A juicy, perfect peach is a marvel. Maggie Huff, pastry chef at Homewood, knows this. When they arrive, fuzzy orbs ushering in a long and delicious season, they open the door to possibility.

“One of the things I love about them is just how versatile they are,” Huff says. “You can smoke them, you can grill them, you can poach them. One of the great things about them is they develop different textures, too.”

Think about a peach cobbler, she says: the flesh is almost slippery, with a soft, melt-in-your-mouth texture; whereas, grill them and they caramelize on the outside while remaining firm and even a little bit crisp. “I’m intrigued by anything like that.”

“There is just something magical that happens when you combine them with butter, sugar, and vanilla,” Huff muses.

Maybe it’s a childhood thing, she posits. Maybe it’s from growing up with her great grandmother’s peach cobbler, which was more of a buckle than a cobbler, made with cling peaches in heavy syrup, folded into something almost like a cake batter, which would bake up crispy-topped with lava pools around the edges from the peach juice bubbling up. Her great-grand matriarch used margarine; she reaches for butter and whole vanilla beans and adds a streusel topping. But it’s still nostalgia.

As a pastry chef who marries sweet and savory and coaxes inspiration from what the season brings, she’s made plated desserts with a basil pesto that leaned sweet, paired with peaches and a buttery caramel-blonde butterscotch. She’s done peaches with chamomile flowers—which are in season together—in a warm bowl of rice pudding with brown butter fruit and a chamomile crème anglaise. (This was at FT33 several years ago, where the team tinkered only with produce that was hyper-local.)

One dessert she brought back several times was peaches and blackberries, covering vanilla-roasted peaches and blackberries in a cloak of aerated vanilla sabayon so they disappeared entirely. The idea was a fruit crisp that didn’t look like a fruit crisp. That looked, instead, like a yellow cloud dotted with lemon thyme and streusel.

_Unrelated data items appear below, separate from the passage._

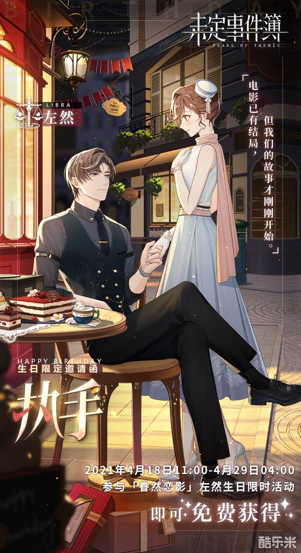 甜蜜眷恋,对影成双。今天,是《未定事件簿》男主之一左然的生日。近期,《未定事件簿》开启了「眷然恋影」主题生日活动,为左然庆生。游戏内,「眷然恋影」活动限时开放,玩家四处寻访电影节观众,努力为左然复刻还原令人心动的电影场景;游戏外,《未定事件簿》借左然身为高级律师的职业身份,联合中国法律援助基金会开启「毅然同行:法律援助」联合公益活动,共同呼吁关注法治建设,共创美好生活。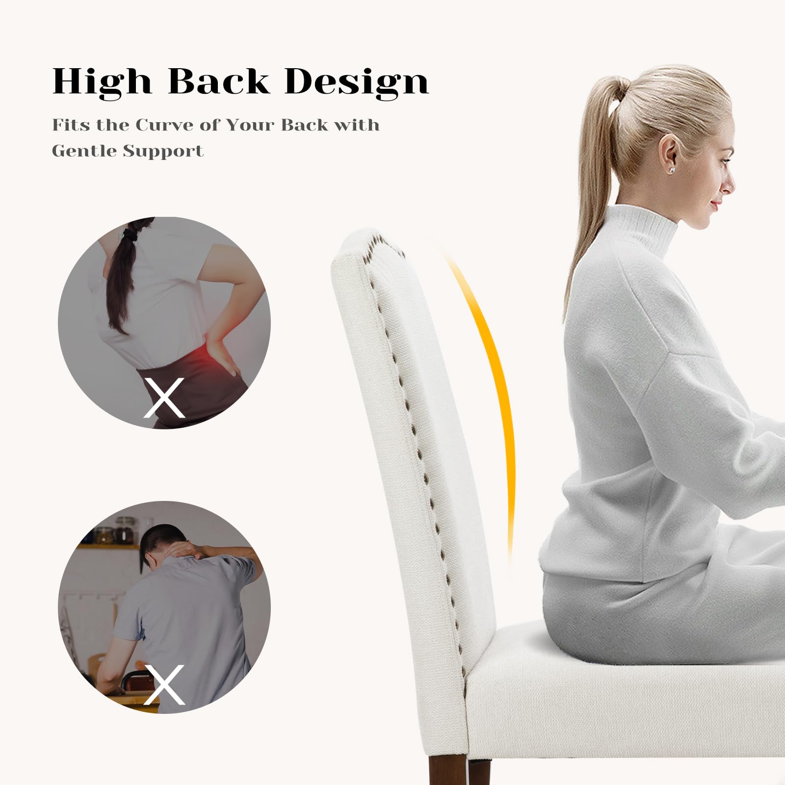 - 【Upgraded Comfort】Equipped with high elasticity and breathable linen fabric, the upholstered dining chair sets are easy to clean. The thickened sponge along with the double elastic structure design gives you a peculiar sitting experience. The high backrest is dedicated to strong back support.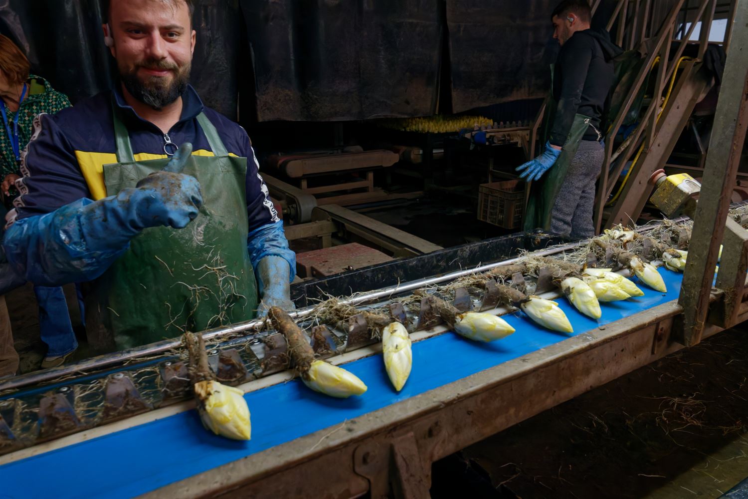 NEOS Heusden-Zolder bezocht witloofbedrijf Bruyninckx in Messelbroek bij Scherpenheuvel. Na de ontvangst met een lokaal appelsap of witloofbiertje werd het gezelschap op sleeptouw genomen door oprichter Frans Bruyninckx. Hij deed alle stappen in de huidige witloofteelt uit de doeken: aankoop van wortelen in Nederland, opslag in koelcellen, in trekbakken: bakken waarin de wortels rechtop staan (-1 graad), opkweken van witloof in geklimatiseerde cel, de ‘forcerie’, gedurende ongeveer 20 dagen, in volledige duisternis. Daarna worden de koppen van de wortel gesneden, zuiver gemaakt en verpakt voor verkoop. Volgens de teler hangt de smaak van witloof vooral af van de variëteit, niet van grond- of hydrocultuur. Na de proeverij was iedereen overtuigd en vertrok met een doos witloof huiswaarts. Er zal in heel wat huizen witloof al dan niet met hesp en kaassaus op het menu staan. (foto’s Robrecht Froyman)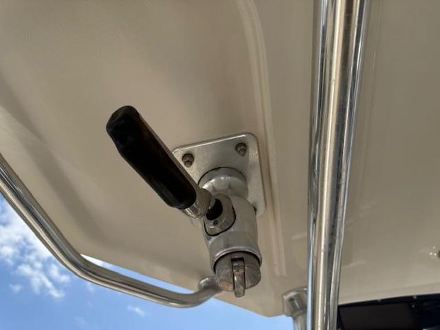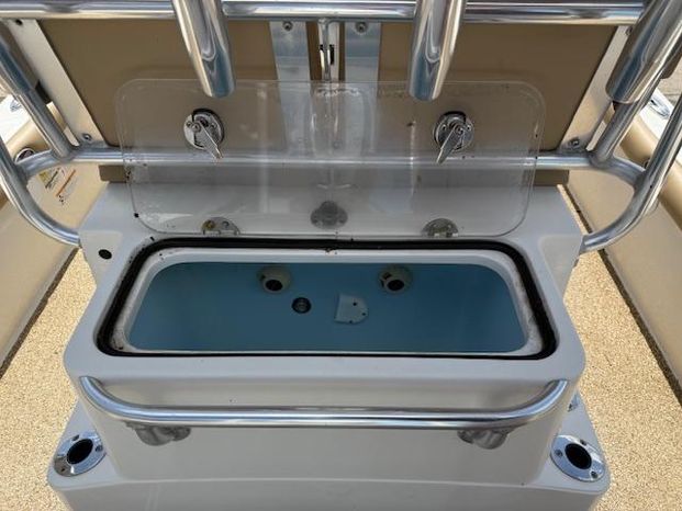 Aboard the 2510 Bay Ranger is a leaning post with bolsters at the helm and fold-down rear deck bench seating for two, which features articulating and self-storing armrests that deploy and retract with the folding of the seat. The skid-resistant deck and interior offers sure footing and easy clean up while the console, which features multiple color-coordinated panels for additional dream rig customization, offers space for flush mounting two displays with screen sizes up to 12 inches. Stainless steel compression lid locks, tie downs, fittings and molded-in trade dress are also standard throughout the vessel.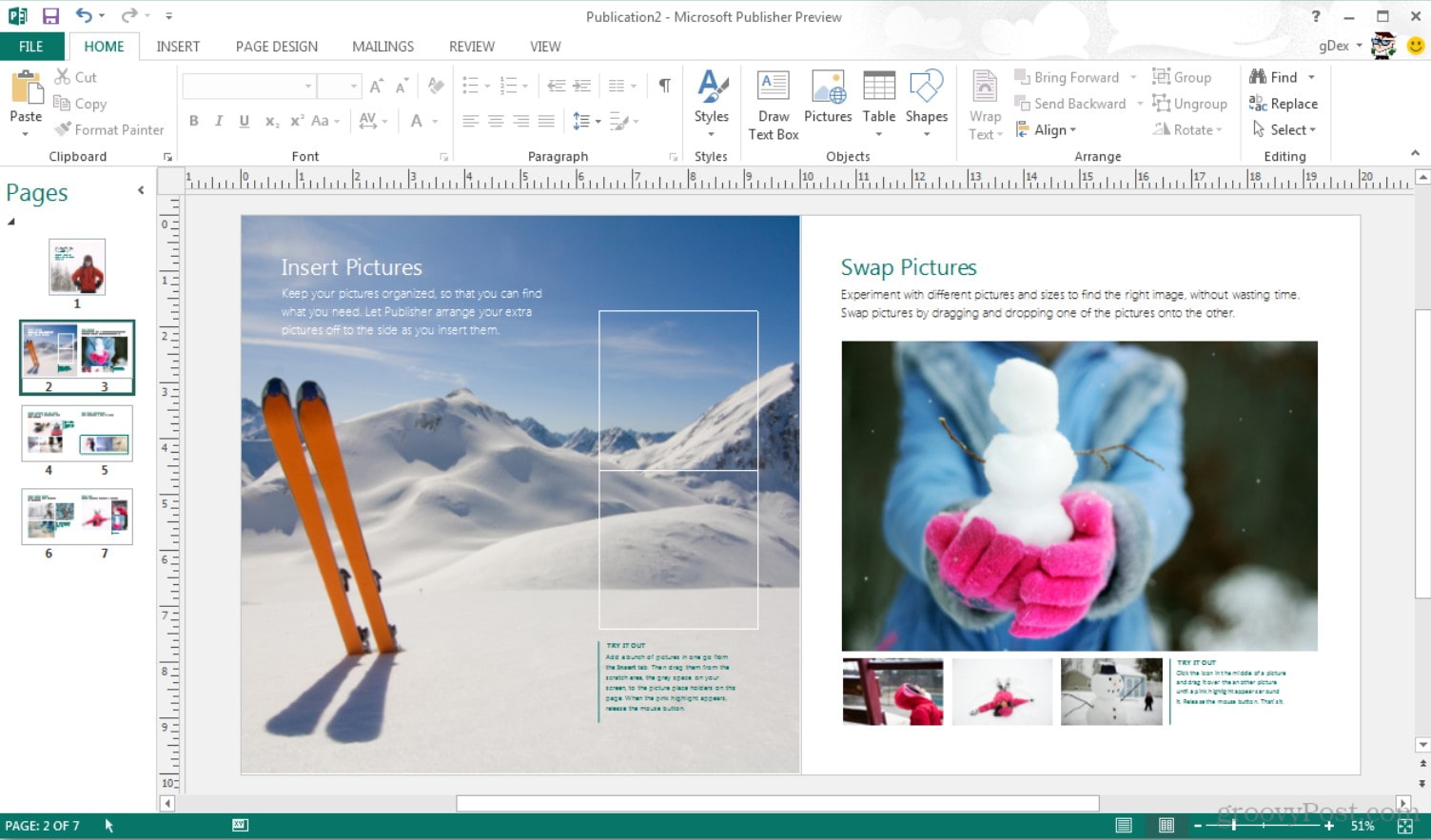 Với Publisher, người dùng có thể tạo tờ gấp, catalogue, danh thiếp, bưu thiếp, thiệp mời hoặc các bản tin nội bộ mà không cần thuê thiết kế đồ họa. Microsoft đã khéo léo xây dựng Publisher như một phần mềm: vừa dễ sử dụng, vừa không yêu cầu kiến thức chuyên sâu về bố cục, màu sắc, hoặc in ấn.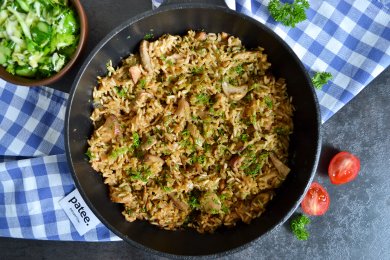 В этом рецепте вы найдете великолепное сочетание бурого и дикого риса, грибов, сливок и сыра. Можно это блюдо приготовить и из обычного риса.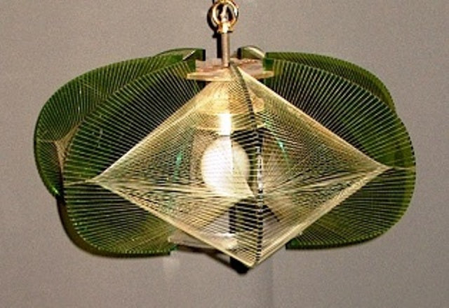 Vintage Mid-Century Lucite Strings Wire Pendant with Green Acrylic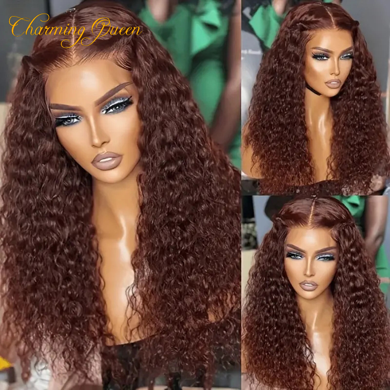 Rotbraune lockige Perücken aus Echthaar, 150 % Dichte, unbehandeltes, lockiges, gewelltes, tiefes Scheitel-Spitze-Perücken, vorgezupftes Babyhaar
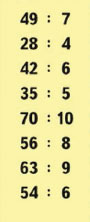 1) 7, 14, 21, 28, 35, 42, 49, 56, 63.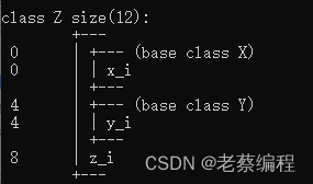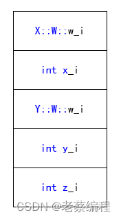 这时,类Z的爷爷类W会被继承2次,一次是X::W,另一次是Y::W,所以sizeof(z) = 5 * 4 = 20。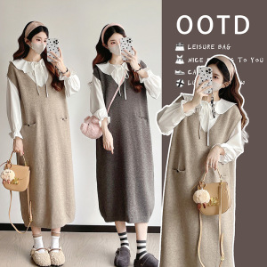 现货2025秋冬孕妇裙时尚衬衫上衣连衣裙气质加厚毛衣孕妇两件套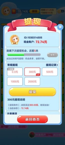 而当红包达到一定数额时,玩家们点击提现哦。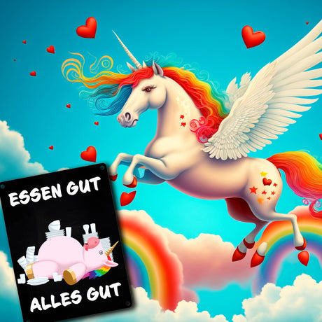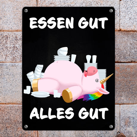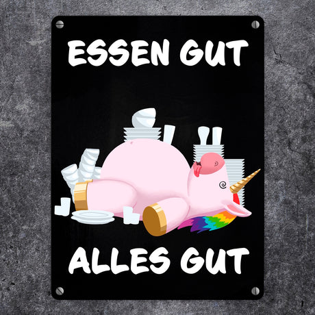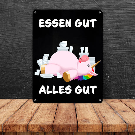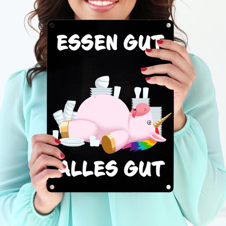 Ab €12,95Grundpreis /Nicht verfügbarAuf LagerEssen gut alles gut witziges Metallschild mit dickem Einhorn
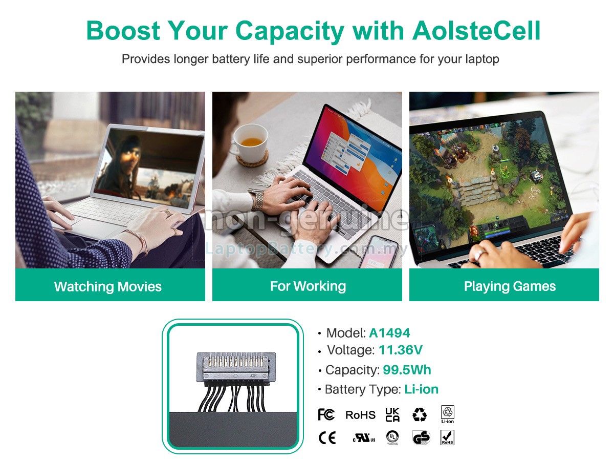 All our high-grade replacement batteries for Apple MacBook Pro Core I7 2.5GHZ 15.4 inch Retina A1398(EMC 2876) laptop have been tested to prove that they can match or surpass original Apple battery performance and fit with Original Manufacturer's Specifications. In compliance with international standards, they obtain a series of rigorous safety certifications such as CE, UL, ROHS, ISO9001/9002. In general, this replacement Apple MacBook Pro Core I7 2.5GHZ 15.4 inch Retina A1398(EMC 2876) battery can be charged/discharged up to more than 600 cycles.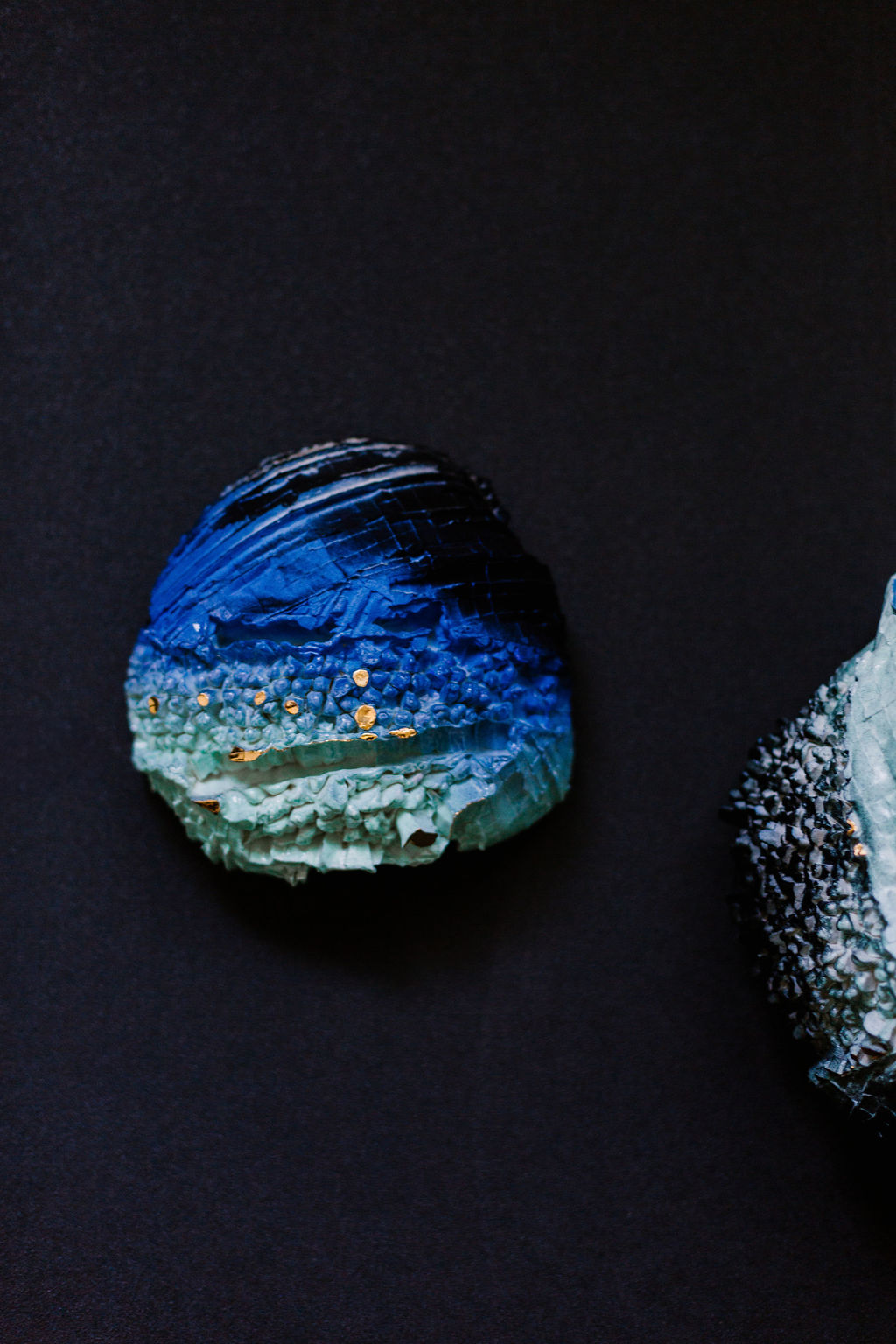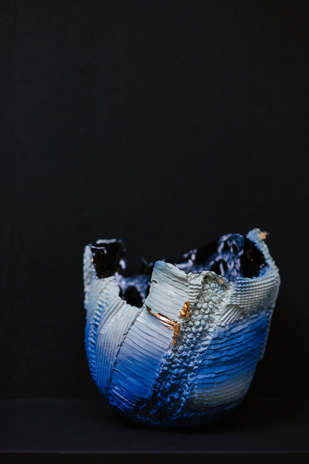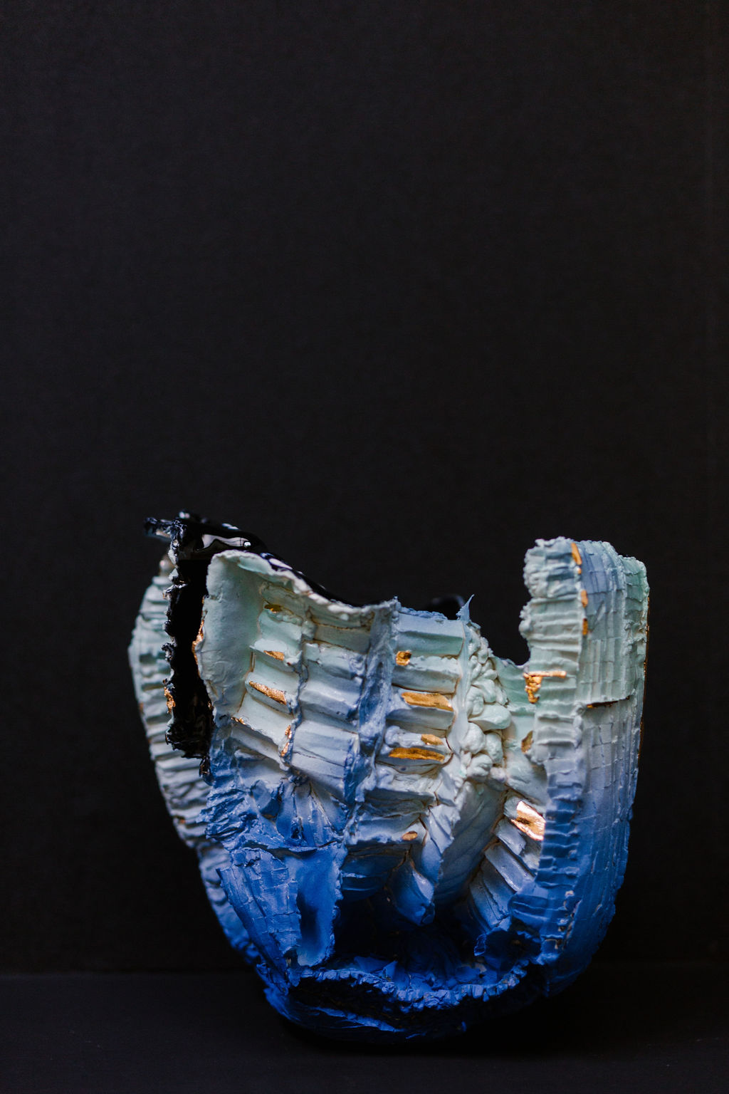 Le projet est tout d’abord né de l’envie de travailler la couleur noire avec la porcelaine. J’ai donc élaboré mes nuances de noir par mélange de la porcelaine et d’oxydes colorants.

In Huff’s hands, the ripe berries and opulently fragrant stone fruit of local farms become ephemeral postcards.

So, on the menu right now at Homewood is a semifreddo that is also a soft yellow cloud. Slivers of ripe peach—veined pink and almost purple around the edges—lay over a pale yellow frozen square studded with chewy amaretti cookies and the crunch of smoked almonds. Fennel pollen tints the sash of crème anglaise. I tried it last week and was in heaven.

Next, she might turn to serving a peach crostata with cornmeal and ice cream infused with corn. Peaches will come from various farms throughout the summer. Currently, Homewood is using Comeback Creek and Winona Orchards.

We can look forward to this. Seek them out to capture a fuzzy, juicy—and ephemeral—glimpse of the season. Because there’s nothing like the glory of a peach. 

Peaches thriving at Petra and the Beast.

Where to Find Peach Dishes

At Homewood, in addition to Huff’s masterful way with the peach, chef-owner Matt McCallister is layering house-cured prosciutto with peaches that span two seasons. Last year’s pickled peaches puréed with their pickling liquid and fennel pollen act as a dressing for raw peaches tossed with a powder from peach skins. Umami-rich and tart. A pork duo—tenderloin and confit belly—gains sweet focus in roasted peaches that have been glazed in fermented honey.

At Petra and the Beast, you’ll find a baby kale salad with shaved cheddar and curry-dusted pecans that gets tousled with a smoked peach vinaigrette and ginger-pickled peaches (image to the left). This week, a peach and black mint cheesecake comes layered with peach powder, peach cream, pickled peaches, garden mint, and textures of puffed rice. And the team has been putting up juicy, Comeback Creek peaches in larder-good jars of pickled peaches and strawberry-peach mostarda that sell quickly.